Но полной уверенности у меня не было. Если и существовало такое место, где истязали даже мертвых, так это «Зверинец».

Сняв с рук чулки, Стася попыталась натянуть их девочке на ноги. Сначала на левую ногу, потом на правую. Один чулок дошел только до середины голени, а другой легко скользнул выше колена. Сокрушаясь от такой неаккуратности, Стася начала поддергивать шерстяной трикотаж, и мне пришлось ей указать, что чулки эти от разных пар: как ни дергай, одинаково не натянешь. И что-либо исправить здесь невозможно; остается довольствоваться тем, чем есть.

– Пожалуйста, – зашептала я Стасе, которая от старания только проделала в одном чулке новую дыру, – оставь мне прошлое, а вдобавок и настоящее. Не хочу я разбираться с будущим.

Так мне досталась роль хранительницы времени и памяти. С той поры вести счет дням стало моей личной обязанностью.

3 сентября 1944 г.

В прошлой жизни все переговоры за нас обеих вела я. У меня был открытый характер, я выработала надежные способы избегать неприятностей и находить приемлемые решения как с ровесниками, так и со взрослыми. Эта роль меня устраивала. Я со всеми была в друзьях и по-честному отстаивала наши интересы.

Прошло совсем немного времени – и мы поняли, что к здешним условиям Стася приспособлена лучше. В ней появилась какая-то бесшабашность. Улыбаясь, она стискивала зубы; научилась ходить не по-девчоночьи, а вразвалочку, на манер киношного ковбоя или героя комиксов.

В то первое утро она не закрывала рта. Забрасывала вопросами всех, кого только можно, чтобы нам с ней поскорее приноровиться к лагерной жизни. Первым подвергся ее атаке взрослый человек, который представился нам как Zwillingesvater – Отец Близнецов. От него не укрылось наше недоумение, но он не стал ничего объяснять, а только сказал, что все дети зовут его именно так; в «Зверинце», как нам предстояло выяснить, было принято давать человеку новое имя и новое сознание; даже взрослые не составляли исключения из этого правила.

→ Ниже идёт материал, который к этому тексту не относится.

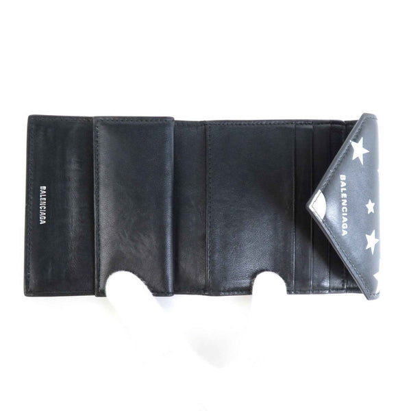 BALENCIAGA Trifold Wallet Leather Black x White Unisex

– Когда мы увидимся с родными? – спрашивала Стася, пока Отец Близнецов, сидя на перевернутом ящике, подробно записывал для Менгеле все наши данные.

Мы примостились рядом, за мальчишеским блоком; у наших ног в грязи лежал бесхозный глобус. Путешествиям этой реликвии, обычно хранившейся на складе, отчаянно завидовали все: глобус перемещался из одного конца лагеря в другой, а мы были привязаны к «Зверинцу». Один мальчишка, по имени Петер Абрахам, которого Менгеле прозвал Интеллигент и назначил своим посыльным, украдкой подбирал этот небольшой глобус, прятал под пальто и ковылял, как будто на сносях, от одного блока к другому. Глобус нужно было забирать с утра пораньше, а вечером кто-нибудь из блоковых украдкой относил его назад. Таким образом этот маленький мир переходил из рук в руки и со временем изрядно поистрепался. На его поверхности зияли дырки, границы стерлись, целые страны исчезли полностью. Тем не менее глобус оставался глобусом и приносил немалую пользу, потому что во время таких вот допросов можно было рассматривать земной шар, а не лицо Отца Близнецов, хотя оно, как мне думалось, выглядело таким же потрепанным и унылым.

– Встречи с родными – по праздникам, – отвечал терпеливый Цвиллингефатер. – Во всяком случае, так говорит Менгеле.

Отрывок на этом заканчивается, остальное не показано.